Analytics Platform :
- Currently working on building an advanced analytics platform using Hadoop 2.2, Impala (with Parquet) and HBase (with Phoenix)
- The platform allows our customers to provide advanced queries through our user friendly query language. These queries are run periodically and reports and graphs are generated for the customer to view.
Smart Message sender :
- Scala and Akka actors which can scale to several thousand msg/sec.
- It's a distributed and fault tolerant system that consumes messages from Kafka queue and delivers the messages to remote endpoints with a flexible and configurable retry policy.
- Uses Redis queue with server side Lua scripting to implement retry policy for messages that could not be delivered due to customer end point being down or slow.
Ad Server :
- Worked in a team of 3 developers to design and implement an ad server platform from scratch written in scala and built using finagle and scala actors.
- I was responsible for implementing the data service part of the ad server whose job it is to fetch the data needed by ad server to serve ads.
- The data service does its job by employing several actors that work in parallel.
- Data is fetched from various sources (kafka, log files, Mysql, HBase), transformed and then loaded into Redis where it can be used by the ad server. Advanced
Advanced Analytics Platform for AdSystem :
- Designed and implemented an advanced analytics solution that is used by ad system customers.

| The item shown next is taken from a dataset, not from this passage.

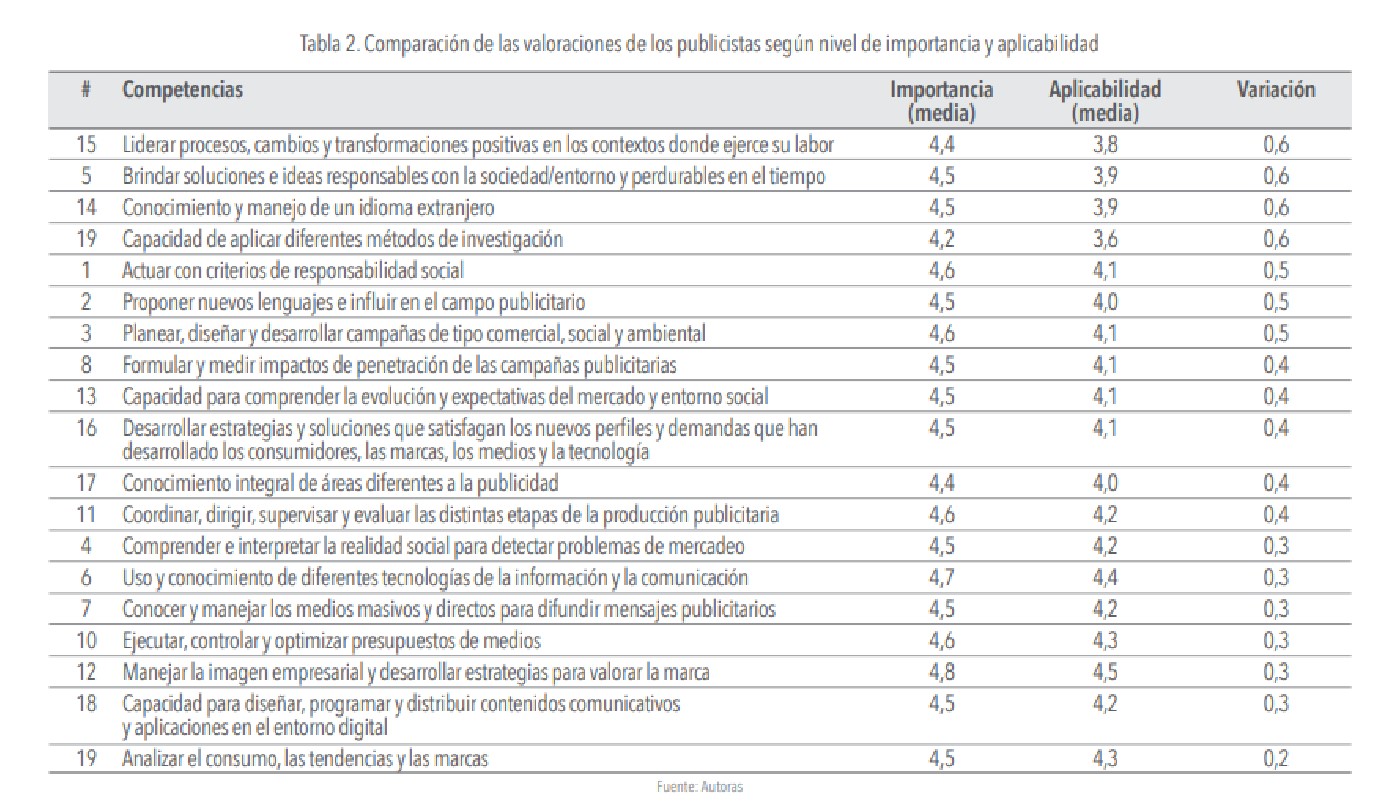 La tabla muestra las competencias, su media y su grado de variación en mayor y menor medida en cuanto a importancia y aplicabilidad según la opinión de los publicistas que participaron en la consulta.
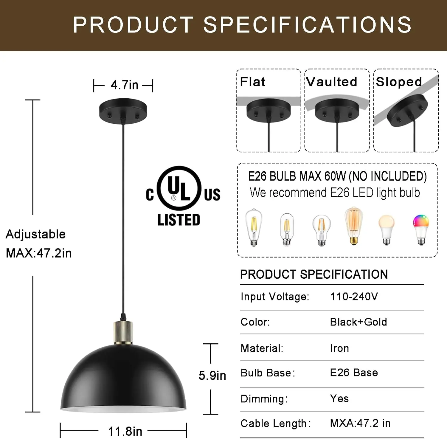 Black Pendant Lights Kitchen Island, 11.8" Modern Dome Farmhouse Hanging Lighting for Dining Room Hallway Entryway

- The reporting system allows for flexible grouping and filtering of massive amounts of data in real time.
- The persistent store for the reporting system is HBase.
- The report data is generated via a Map-Reduce job written in Pig.
- The report data is queried through a PHP library that talks to HBase over Thrift.
Real time Notification Platform :
- Lead a group of 6 engineers to create a functional prototype of a real time notification platform in 5 days.
- The platform allows surfacing of notifications to our users via messages in toolbar in response to certain events.
- The events generated in different parts of the system were fed into a Kafka queue.
- Created scalable event consumption and notification generation system using Gearman.
- Used Redis to store notification queues for each user.
- Implemented smart polling with exponential backoff for checking for new notifications in the toolbar (client side).
Inventory Estimation Tool :s
- Designed the core engine of the inventory estimation tool that is used to estimate the traffic for a given set of targeting criteria ( user attributes like age, gender, location). The system was implemented by other members of the team.
- The engine uses Java Bit Vectors to represent users who visited the site in a given time range and combines vectors in real time to compute the traffic for the selected set of targeting criteria.
Single SignOn For su.pr :
- I designed and implemented a Single SignOn(SSO) facility for http://su.pr sister site.
- Its implemented in OO PHP and uses short lived cookie based token for facilitating SSO across different domains.
- SSO made it possible for publishers to use the same login that they have on stumbleupon.com on su.pr and reduced the barrier to entry.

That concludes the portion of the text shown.